聖女との対談
神都では今、大勢の人間が集まり復旧作業が進められていた。
最悪の事態こそ免れたものの、受けた被害は大きい。大勢の人間が駆り出され、木材や石などが次々と現場へと運ばれていく。
大通りには幾つもの大鍋が据えられ、職人達が飯を掻き込んでいる姿も見られた。
「俺ぁ、見たんだ! 噂になってた銀の龍人を!」
「バッカ野郎、俺は魔王を見たんだぞ! ありゃとんでもねぇ存在だ!」
「それで、一体どっちが強ぇんだよ?」
「んな事、俺らみてぇなど素人が分かる訳ねぇだろ!」
話題の中心は当然、あの“二人”であった――同一人物であるが。
神都ではもう、寄ると触るとその話で持ち切りである。
無理も無い。魔王と龍人など、噂にならない方がおかしいのだから。
既に耳の早い北方諸国の中には、聖光国へ腕利きの間者を送り込み、細かく情報を集めさせている国まであった。

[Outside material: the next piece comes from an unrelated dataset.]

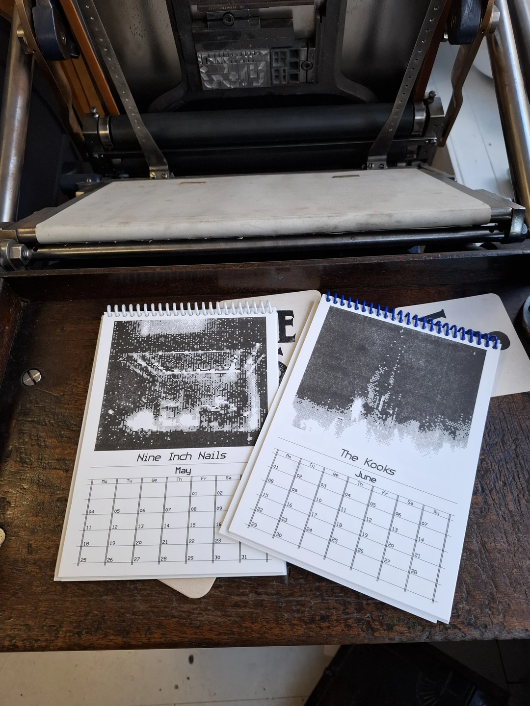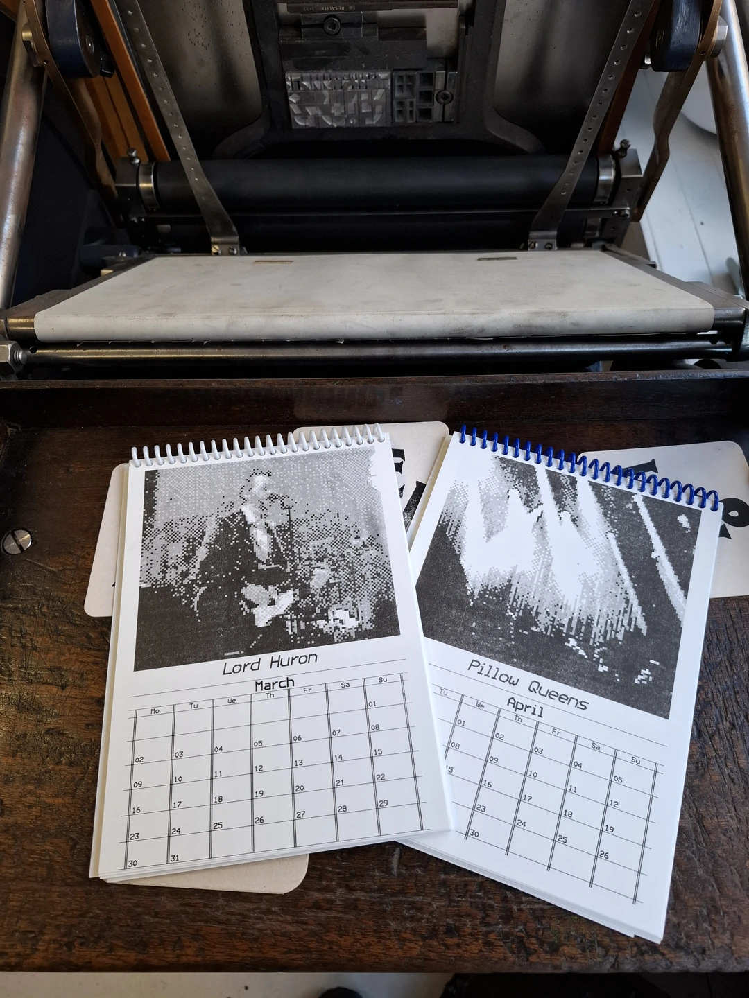 This photography calendar is made up of concert photos from 2025 taken on Game Boy Camera, featuring a different artist for each month.

その噂の中心人物は――聖城の応接室で、最後の聖女と向かい合っていた。
■□■□
聖城の奥にある応接室。
そこでは徹底した人払いがされ、入念な盗聴対策が施された上で魔王を名乗る人物を迎え入れていた。
部屋の中には聖女ホワイトと、魔王の二人だけである。
500名にも及ぶサタニストを一瞬で屈服させ、中級悪魔を鼻歌交じりに爆殺した存在。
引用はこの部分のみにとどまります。